Publication Date: 20260505
Application Date: 20220622

Claims (20)

1 . A method of generating a trained natural language processing model having a lower propensity of generating hate speech, the method comprising: obtaining an unfiltered dataset; obtaining a set of trigger phrases; determining, for each trigger phrase, a conditional likelihood of portions of the unfiltered dataset satisfying a threshold under a probability distribution for at least one trigger axis, wherein the conditional likelihood for each trigger phrase is determined based on a context provided by the respective portions of the unfiltered dataset; filtering the unfiltered dataset to remove the one or more portions having at least one determined conditional likelihood that satisfies the threshold to generate a filtered dataset; generating the trained natural language processing model using the filtered dataset; providing the trained natural language processing model to an application; and utilizing the trained natural language processing model in the application thereby reducing the conditional likelihood that the trained natural language processing model generates subject matter defined by the set of trigger phrases when generating a result from the utilizing.
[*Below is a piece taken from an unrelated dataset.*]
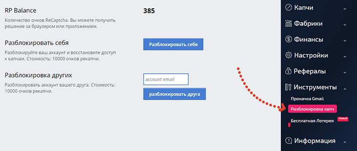 Очки ReCaptcha (в сервисе чаще обозначаются чаще как RP) - начисляются по одному за решение каждой рекапчи и позволяют выполнять такие полезные действия в аккаунте, как, например, разблокировку аккаунта за нарушение, удаление ошибочных капч, чтобы снизить риск блокировки (об ошибках поговорим ниже).

2 . The method of claim 1 , further comprising obtaining a baseline model trained on the unfiltered dataset, wherein the probability distribution is represented by the baseline model and wherein the natural language processing model is generated by training the baseline model by finetuning the baseline model using the filtered dataset.
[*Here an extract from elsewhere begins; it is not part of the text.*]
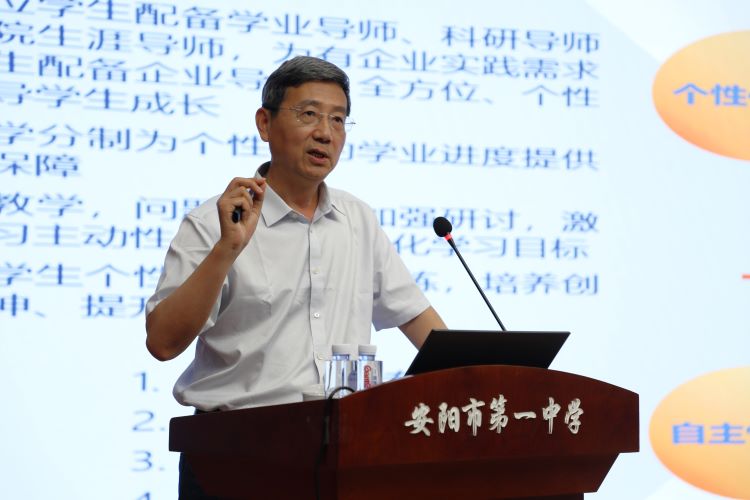 6月19日,福耀科技大學(xué)校長王樹國教授一行為安陽一中、正一中學(xué)以及全市各高中600余名師生、家長帶來了一場關(guān)于新技術(shù)革命下拔尖創(chuàng)新人才培養(yǎng)的精彩講座。此次交流活動兼具理論高度與實踐深度,更充滿教育情懷。 安陽一中黨委書記徐珍玲在致辭中對王校長及其專家團隊的到來表示熱烈的歡迎。她強調(diào),安陽一中與福耀科技大學(xué)雖然辦學(xué)層次和類型不同,但都有著共同的教育追求和使命。優(yōu)質(zhì)的教育資源需要共享,先進的教育理念需要交流,我們非常珍惜這次與王校長交流的機會,期待能夠借此機會深化兩校之間的合作與交流,共同推動教育事業(yè)的繁榮發(fā)展。 王校長以《新技術(shù)革命背景下拔尖創(chuàng)新人才的培養(yǎng)與成長》為主題,為在場師生、家長帶來了一場精彩紛呈的專題講座。他從“黨的二十大精神、新技術(shù)革命的特點和影響、新時代高等教育的變革途徑、探索與實踐——建設(shè)新型研究型大學(xué)”等五個方面進行授課。他強調(diào),當(dāng)前人工智能、量子信息、生物技術(shù)等前沿領(lǐng)域的新技術(shù)迅猛發(fā)展,深刻重塑全球秩序和發(fā)展格局,時代的變革對人才素質(zhì)提出了新的要求,一定會催生出一批優(yōu)秀的年輕人。王校長鼓勵在場學(xué)生,要積極投身于知識探索與實踐創(chuàng)新之中,遇到挑戰(zhàn)敢于迎難而上,做這場變革的參與者,爭做新時代的建設(shè)者,接力民族復(fù)興大任,賡續(xù)青年使命擔(dān)當(dāng)。 互動問答環(huán)節(jié)中,安陽一中學(xué)生十分珍惜與王校長交流的機會,積極踴躍提問,問題涵蓋了AI的發(fā)展與應(yīng)用、基礎(chǔ)學(xué)科如何促進產(chǎn)業(yè)發(fā)展、成為拔尖創(chuàng)新型人才需要具備的知識與技能等方面,王校長對同學(xué)們的問題進行了耐心細(xì)致地解答,他結(jié)合理論知識和實際案例,深入淺出剖析問題,引導(dǎo)同學(xué)們從不同角度思考,拓寬思維視野。 同學(xué)們紛紛表示,在新技術(shù)革命背景下,要將個人成長與國家需求緊密相連,勤奮鉆研,積極實踐,培養(yǎng)創(chuàng)新精神、綜合素養(yǎng)。現(xiàn)場氣氛十分熱烈,掌聲雷動,經(jīng)久不息。 新技術(shù)革命背景下,高校與中學(xué)需緊密聯(lián)系,從興趣激發(fā)、潛質(zhì)挖掘到創(chuàng)新思維,協(xié)同構(gòu)建貫通式培養(yǎng)體系。福耀科技大學(xué)作為新型研究型大學(xué),強化科技教育和人文教育協(xié)同,安陽一中作為首批河南省特色高中(科技類),一直致力于激發(fā)學(xué)生的潛能,培養(yǎng)他們的興趣愛好,讓他們在探索和創(chuàng)新之中前行。今后,我校將持續(xù)為莘莘學(xué)子搭建優(yōu)質(zhì)平臺,與高校攜手,實現(xiàn)教育資源共享,共同培養(yǎng)更多拔尖創(chuàng)新人才。 |

3 . The method of claim 1 , further comprising: generating a text phrase with the trained natural language processing model, the trained natural language processing model generating the text phrase at least in part based on received input.
4 . The method of claim 1 , further comprising: updating the set of trigger phrases; filtering the filtered dataset based on the updated trigger phrases to generate a further filtered dataset; and further training the trained natural language processing model with the further filtered dataset.
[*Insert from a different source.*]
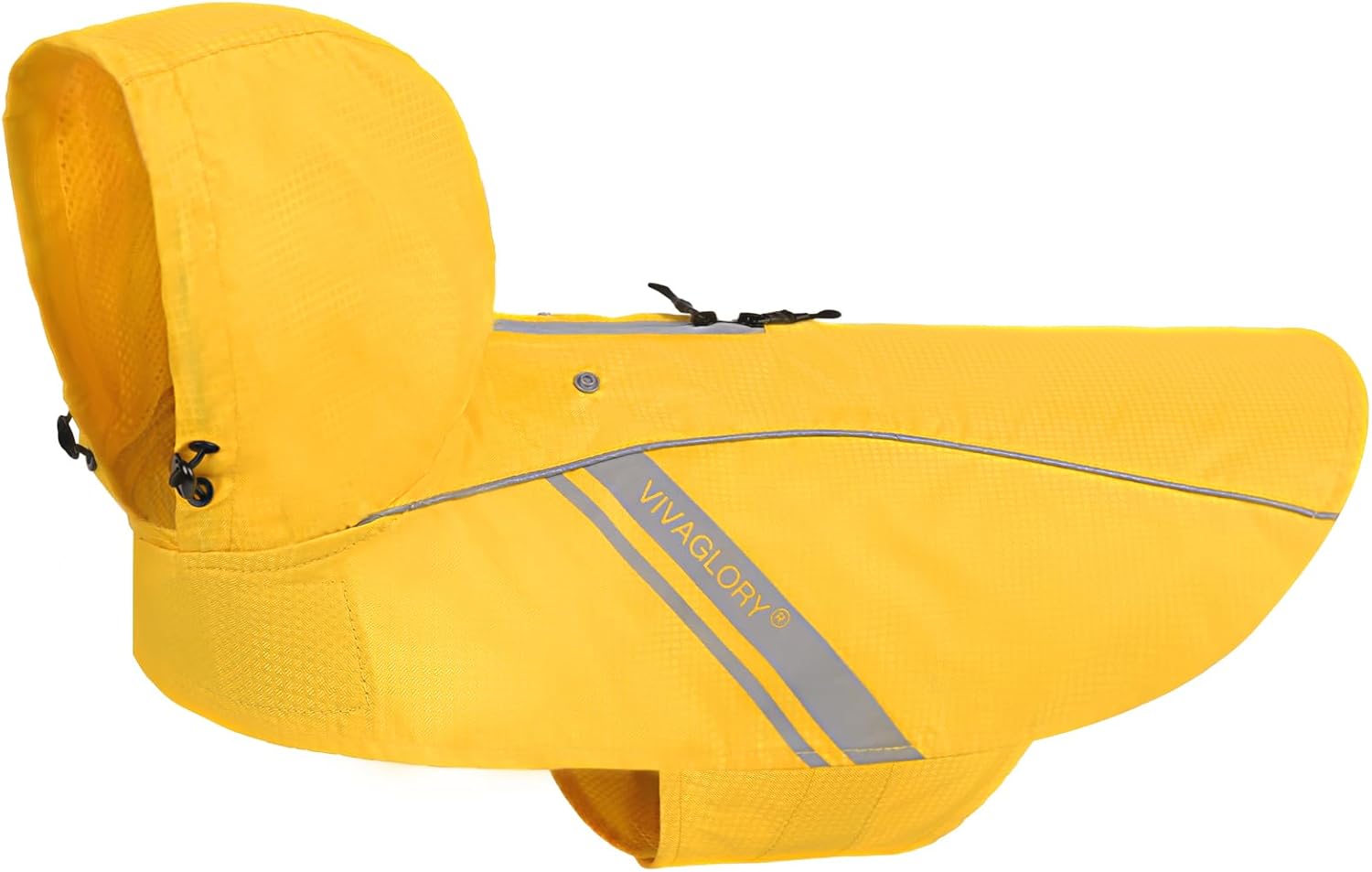 VIVAGLORY Dog Raincoat for Medium Dogs, Easy on & Off Pet Rain Clothes, Reflective Lightweight Breathable Dogs Safety Vest Jackets for Adventures, Walking, Hunting, Bright Yellow

5 . The method of claim 1 , wherein one or more of the set of trigger phrases is appended to each portion of the unfiltered data.
6 . The method of claim 1 , wherein the set of trigger phrases are responsive to a first type of hate speech, and the threshold is responsive to a second type of hate speech.
7 . The method of claim 1 , wherein the threshold is based on a comparison of determined conditional likelihoods of entries of the dataset to properties of the unfiltered dataset.
8 . The method of claim 1 , wherein the at least one conditional likelihood is generated based on the relationship p(t|d) where t is a trigger phrase and d is an extract from the beginning of a document.
9 . The method of claim 1 , further comprising removing portions of the unfiltered dataset which include one or more blocked phrases, and the set of trigger terms do not include the one or more blocked phrases.
10 . The method of claim 1 , wherein the threshold includes a plurality of thresholds associated with different types of hate speech.
11 . A system for generating a trained natural language processing model having a lower propensity of generating hate speech, the system comprising: a processor; a memory in communication with the processor, the memory comprising computer executable instructions that when executed by the processor cause the processor to: obtain an unfiltered dataset; obtain a set of trigger phrases; determine, for each trigger phrase, a conditional likelihood of portions of the unfiltered dataset satisfying a threshold under a probability distribution for at least one trigger axis, wherein the conditional likelihood for each trigger phrase is determined based on a context provided by the respective portions of the unfiltered dataset; filter the unfiltered dataset to remove the one or more portions having at least one determined conditional likelihood that satisfies the threshold to generate a filtered dataset; generate the trained natural language processing model using the filtered dataset; provide the trained natural language processing model to an application; and utilize the trained natural language processing model in the application thereby reducing the conditional likelihood that the trained natural language processing model generates subject matter defined by the set of trigger phrases when generating a result from the utilizing.
12 . The system of claim 11 , further comprising instructions to obtain a baseline model trained on the unfiltered dataset, wherein the probability distribution is represented by the baseline model and wherein the natural language processing model is generated by training the baseline model by finetuning the baseline model using the filtered dataset.
13 . The system of claim 11 , wherein the instructions cause the processor to: generate a text phrase with the trained natural language processing model, the trained natural language processing model generating the text phrase at least in part based on received input.
14 . The system of claim 11 , wherein the instructions cause the processor to: update the set of trigger phrases; filter the filtered dataset based on the updated trigger phrases to generate a further filtered dataset; and further train the trained natural language processing model with the further filtered dataset.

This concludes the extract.